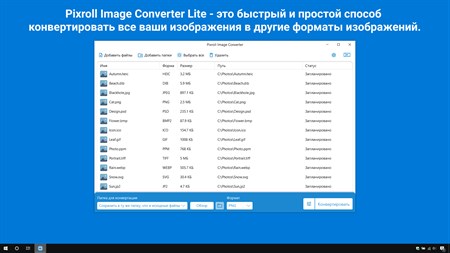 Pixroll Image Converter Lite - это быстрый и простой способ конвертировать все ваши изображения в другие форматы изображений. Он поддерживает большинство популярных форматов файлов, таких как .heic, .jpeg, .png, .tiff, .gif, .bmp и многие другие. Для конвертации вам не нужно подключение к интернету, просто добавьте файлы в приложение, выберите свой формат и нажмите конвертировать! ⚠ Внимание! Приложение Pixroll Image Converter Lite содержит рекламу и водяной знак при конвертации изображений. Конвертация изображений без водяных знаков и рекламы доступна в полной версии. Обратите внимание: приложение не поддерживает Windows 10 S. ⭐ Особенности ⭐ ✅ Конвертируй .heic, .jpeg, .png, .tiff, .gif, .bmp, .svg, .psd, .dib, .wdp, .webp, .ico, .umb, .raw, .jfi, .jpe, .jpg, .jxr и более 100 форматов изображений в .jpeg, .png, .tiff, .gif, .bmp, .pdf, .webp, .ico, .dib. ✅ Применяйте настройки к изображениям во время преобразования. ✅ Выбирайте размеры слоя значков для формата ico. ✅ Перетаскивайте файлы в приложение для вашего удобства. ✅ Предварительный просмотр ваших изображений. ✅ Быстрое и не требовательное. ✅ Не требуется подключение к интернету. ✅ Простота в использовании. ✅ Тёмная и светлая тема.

...

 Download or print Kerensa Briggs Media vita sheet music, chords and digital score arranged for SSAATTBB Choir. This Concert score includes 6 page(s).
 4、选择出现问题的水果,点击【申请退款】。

---

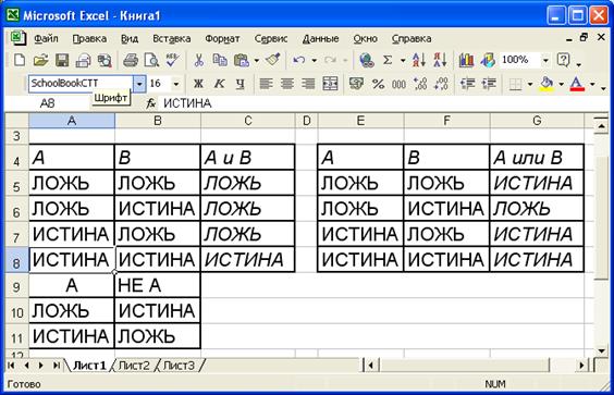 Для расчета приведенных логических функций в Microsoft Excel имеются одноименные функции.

WHAT TO DO:
Precisely the lines between those holding "Download or print" and "4、选择出现问题的水果,点击【申请退款】。", inclusive, are to be reproduced from the listing above, with nothing added.

WRITTEN SOLUTION:
 Download or print Kerensa Briggs Media vita sheet music, chords and digital score arranged for SSAATTBB Choir. This Concert score includes 6 page(s).
 4、选择出现问题的水果,点击【申请退款】。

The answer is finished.